Educating children about the existence of trans people can’t make them trans. The only supposed evidence that it can comes from a study based on reports made by parents (not the children themselves) with a non-representative sample drawn heavily from anti-trans groups.
What education can do is encourage kids to be kind and to think beyond gender stereotypes. It also means that kids who would benefit from counselling about gender can say so, rather than trying to repress their feelings with all the damage that can do.

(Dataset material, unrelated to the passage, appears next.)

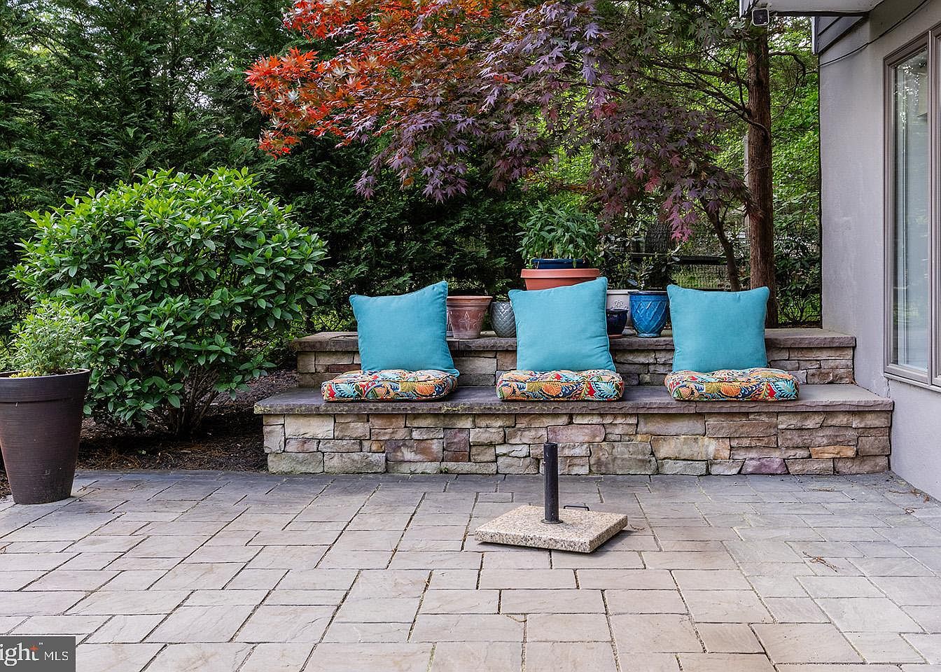 This outdoor patio area features a stone-built bench integrated into a low retaining wall, creating a cozy seating nook. The bench is topped with plush, turquoise cushions paired with colorful, patterned seat pads that add vibrant pops of color against the natural stone backdrop. Surrounding the seating is lush greenery, including dense shrubs and a Japanese maple with striking multicolored leaves, providing a mix of deep green, red, and purple hues. The stone tile flooring enhances the rustic, natural aesthetic while ensuring durability. Potted plants add texture and warmth, making the space inviting and well-designed for outdoor relaxation.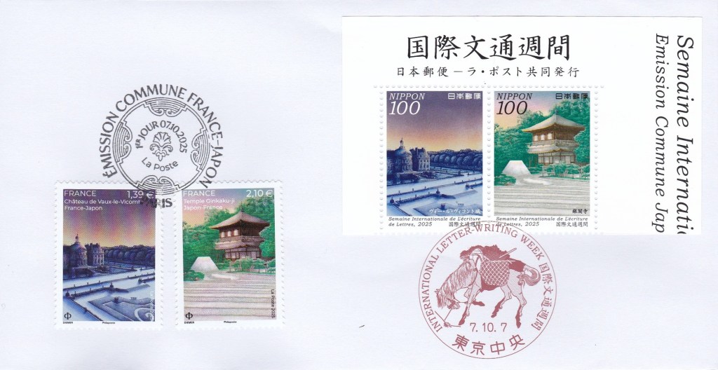 Among more recent issues, Dominique Josse (France) succeeded in creating, not without difficulties, private mixed first day cancellations of the Japan – France joint issue [T20251007]. Thanks a lot, Dominique.

And that’s it, in the end. Trans people are not monsters or tyrants seeking to destroy the fundamental pillars of civilisation (all things that newspapers have accused us of). We don’t want to take away your rights. Most of us would rather sit down with a nice cup of tea.
As a non-binary person, I’d like to have my gender recognised so that I don’t feel forced to lie when I fill out forms, and I want to enjoy the same respect as other people for who I am. I’m not trying to make everything gender neutral. I have no problem with others’ genders.
So if you read all this and you still think that you should be writing to the government to make other people’s genders your business, fair enough. Perhaps you’re worried about an issue I haven’t covered or perhaps you’re comfortable with your prejudice.
In closing, I just want to remind you that this isn’t an academic issue to those of us directly affected. It impacts our lives every day. That fear of walking down the street is real and trans people are abused and assaulted all the time.
Please don’t forget that we’re human. Life is tough enough. And as Kurt Vonnegut said, “God damn it, you've got to be kind.”